Gelecek yüzyıl, kuzeyde II. Yeroboam (MÖ 793-753) ve güneyde Uzziah (Azarya) (MÖ 791-740) tarafından yönetilen her iki krallık için de uzun bir barış ve refah dönemiyle başlar. Suriye'nin görece zayıflığı ve ayrıca Yunus'un kehanetinin gerçekleşmesi (2 Krallar 14:25) nedeniyle, Yeroboam daha önce kaybettiği toprakları yeniden ele geçirmeyi başardı.

Ancak fırtına öncesi bir sakinlik dönemiydi, çünkü yüzyılın ikinci yarısında Asur kralı Feglaffellaser III (Tiglathpalasar) bu bölgede fetihlere başladı ve Asur İmparatorluğu'nun yeni bir yükselişiyle sonuçlandı. 722'de Samiriye Shalmaneser V tarafından alındı, Kuzey Krallığı'nın varlığı sona erdi ve halkı bir daha geri dönmemek üzere imparatorluğun her yerine yerleştirildi (2 Krallar 17:3-6; 24-28). MÖ 701'de. e. Kral Sennacherib (Sennacherib) Judea'nın çoğunu yok etti (2 Kings 18:13). Ninova'daki Sanherib sarayında bulunan kabartmalarla birlikte Lakiş'teki kazılar, Yahuda'nın güney sınırındaki bu önemli karakolun kuşatıldığını ve ele geçirildiğini doğruluyor. Tanrısal müdahale sayesinde, Sanherib'e karşı yalnızca Kudüs durdu (2 Krallar 19:35-37). Hikâyenin başka bir versiyonu, Sanherib'in "Hizkiya'yı bir kuş gibi kafese kapatmış" olmakla övündüğü yıllıklarında bulunur. Garip bir şekilde, bu İncil hikayesini doğrular, çünkü Sanherib'in yalnızca şehri kuşatmayı başardığı, ancak onu almadığı gerçeğini mükemmel bir şekilde aktarır. Bununla birlikte, Judea bundan böyle bir vasal devletten başka bir şey olmayacak. Asur, bölgede ortaya çıkan yeni ve müthiş bir güç olan Babil'in saldırısına uğradığında, 597 ve 586'da esareti takip eden Yahudiler için uğursuz bir alamet oldu.

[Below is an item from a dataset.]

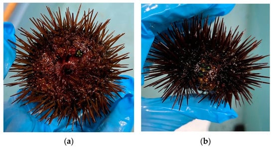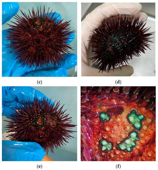 - Shimizu, M.; Takaya, Y.; Ohsaki, S.; Kawamata, K. Gross and histopathological signs of the spotting disease in the sea urchin Strongylocentrotus intermedius. Fish. Sci. 1995, 61, 608–613. [Google Scholar] [CrossRef]
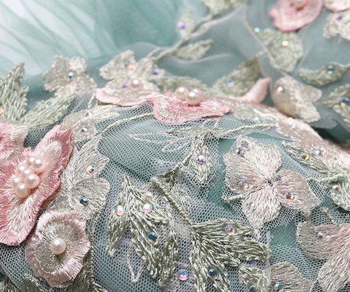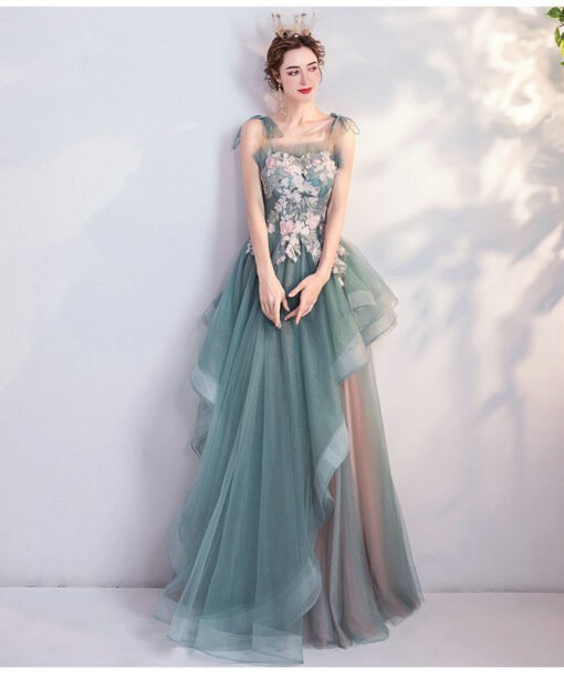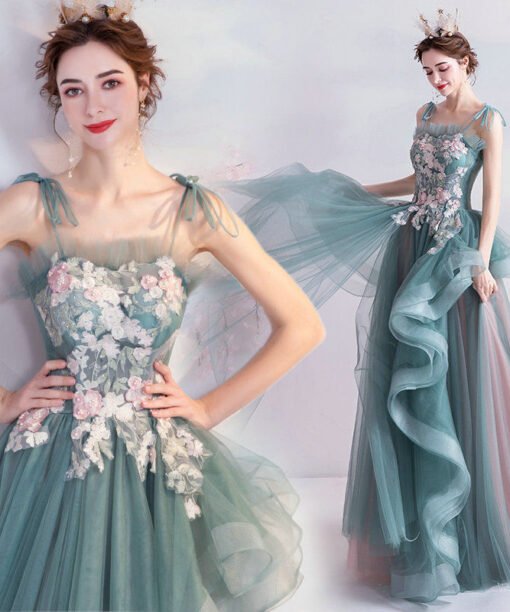 Blue green prom dress strap a line floor length long embroidery colorful flowers sleeveless lace up open back evening dress 2020 new arrival

Krallıklar çağı, Krallar ve Tarihler kitaplarında büyük bir yanılgı çağı olarak tasvir edilir. Yeroboam'ın Yeruşalim'den ayrılmasında, her şeyden önce putperestliğe doğru bir adım olduğunu, Yehova ile yapılan antlaşmanın reddedildiğini ve Kuzey krallarının sürekli suçlarının kaynağını görüyorlar (1.Krallar 12:28-33; krş. 16). :26). Chronicles kitapları, kuzey krallığının tarihini görmezden gelir, böylece ayrı bir krallık olarak varlığının gayri meşruiyetine işaret eder.

İncil'in Başlangıcından [Resimlerle] yazar yazar bilinmiyor

İncil Nasıl Oluştu kitabından yazar Edel Conrad

* Babil esareti zamanı MÖ 586-536 Babil esaretinde bulunduğu süre boyunca, Daniel peygamber, şüphesiz Musa'nın kitaplarına ve diğer Kutsal Yazılara sahipti. Bir noktada önünde duran Yeremya kitabından söz eder (Daniel 9:2). peygamberler olduğunu gösteren bir örnektir.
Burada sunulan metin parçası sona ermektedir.